Null models for bipartite networks proposed so far suffer from several important limitations. Some are purely numerical, lacking analytical character and making them computationally expensive and difficult to interpret. Others assume an a priori functional form either for the distribution of quantities of interest or for the model's parameters, meaning they are not truly data-rooted. Still others rely on approximate analytical models that may fail to capture important features of real systems.
In this research, we propose a theoretical framework that overcomes these limitations by guaranteeing three crucial properties: it is analytical (providing closed-form expressions), data-driven (deriving all parameters directly from observed data without assuming functional forms), and exact (not relying on approximations). Our approach extends a recently-proposed method for randomizing monopartite networks to the bipartite case.

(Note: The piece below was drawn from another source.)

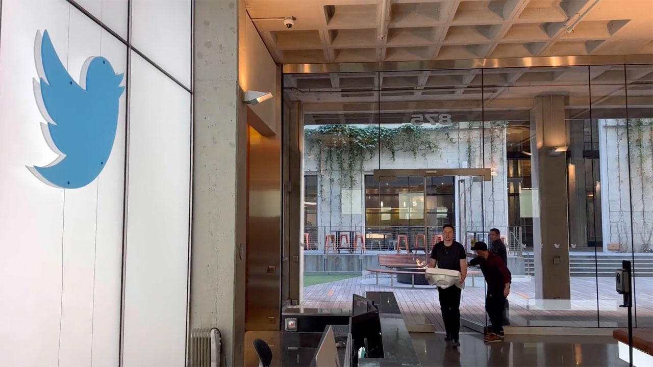 Elon Musk Twitter zaferini de şova dönüştürdü. Twitter genel merkezine sırıtarak elindeki bir lavaboyla girdi.

The method rests upon the sequential maximization of Shannon entropy and the likelihood function—a combination that has been proven highly effective both for detecting patterns and reconstructing the structure of several real-world networks. This information-theoretic foundation ensures that the null model makes minimal assumptions beyond those strictly required by the observed data.
While the proposed formalism is perfectly general and applicable to any bipartite network, we demonstrate its power through application to the binary, undirected, bipartite representation of the World Trade Web (WTW). Using data spanning from 1963 to 2000, we show how the method can reveal meaningful structural patterns in global trade that would be obscured without proper null model comparison.
The Bipartite Configuration Model (BiCM) we develop provides a principled way to test hypotheses about bipartite network structure. For example, it can determine whether certain products are disproportionately traded by certain countries, whether collaborative relationships between authors and papers show non-random patterns, or whether ecological networks exhibit nestedness beyond what would be expected by chance. This makes it an invaluable tool for researchers across diverse fields dealing with bipartite data structures.